### PROBLEM
Please return the listing below exactly, without any of its pictures.

### SUPPLIED MATERIAL

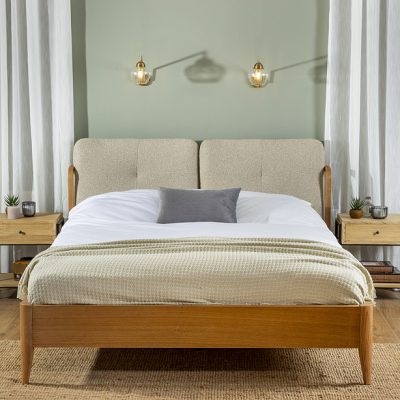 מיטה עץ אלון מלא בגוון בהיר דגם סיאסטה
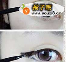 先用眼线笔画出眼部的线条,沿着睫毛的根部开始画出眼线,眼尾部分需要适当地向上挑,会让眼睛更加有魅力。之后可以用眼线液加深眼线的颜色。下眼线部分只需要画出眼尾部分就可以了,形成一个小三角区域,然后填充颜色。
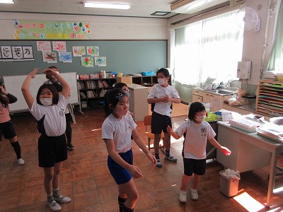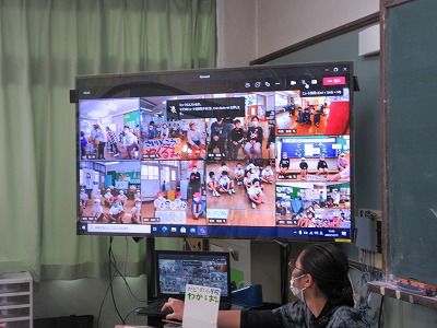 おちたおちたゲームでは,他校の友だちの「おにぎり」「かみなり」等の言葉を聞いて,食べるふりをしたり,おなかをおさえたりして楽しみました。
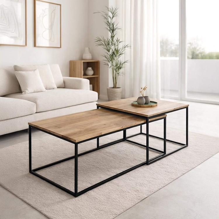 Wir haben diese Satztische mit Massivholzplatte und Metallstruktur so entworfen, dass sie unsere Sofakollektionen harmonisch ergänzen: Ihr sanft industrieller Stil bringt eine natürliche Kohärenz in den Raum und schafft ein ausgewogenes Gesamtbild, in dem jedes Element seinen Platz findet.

### TASK OUTPUT
 מיטה עץ אלון מלא בגוון בהיר דגם סיאסטה
 先用眼线笔画出眼部的线条,沿着睫毛的根部开始画出眼线,眼尾部分需要适当地向上挑,会让眼睛更加有魅力。之后可以用眼线液加深眼线的颜色。下眼线部分只需要画出眼尾部分就可以了,形成一个小三角区域,然后填充颜色。
 おちたおちたゲームでは,他校の友だちの「おにぎり」「かみなり」等の言葉を聞いて,食べるふりをしたり,おなかをおさえたりして楽しみました。
 Wir haben diese Satztische mit Massivholzplatte und Metallstruktur so entworfen, dass sie unsere Sofakollektionen harmonisch ergänzen: Ihr sanft industrieller Stil bringt eine natürliche Kohärenz in den Raum und schafft ein ausgewogenes Gesamtbild, in dem jedes Element seinen Platz findet.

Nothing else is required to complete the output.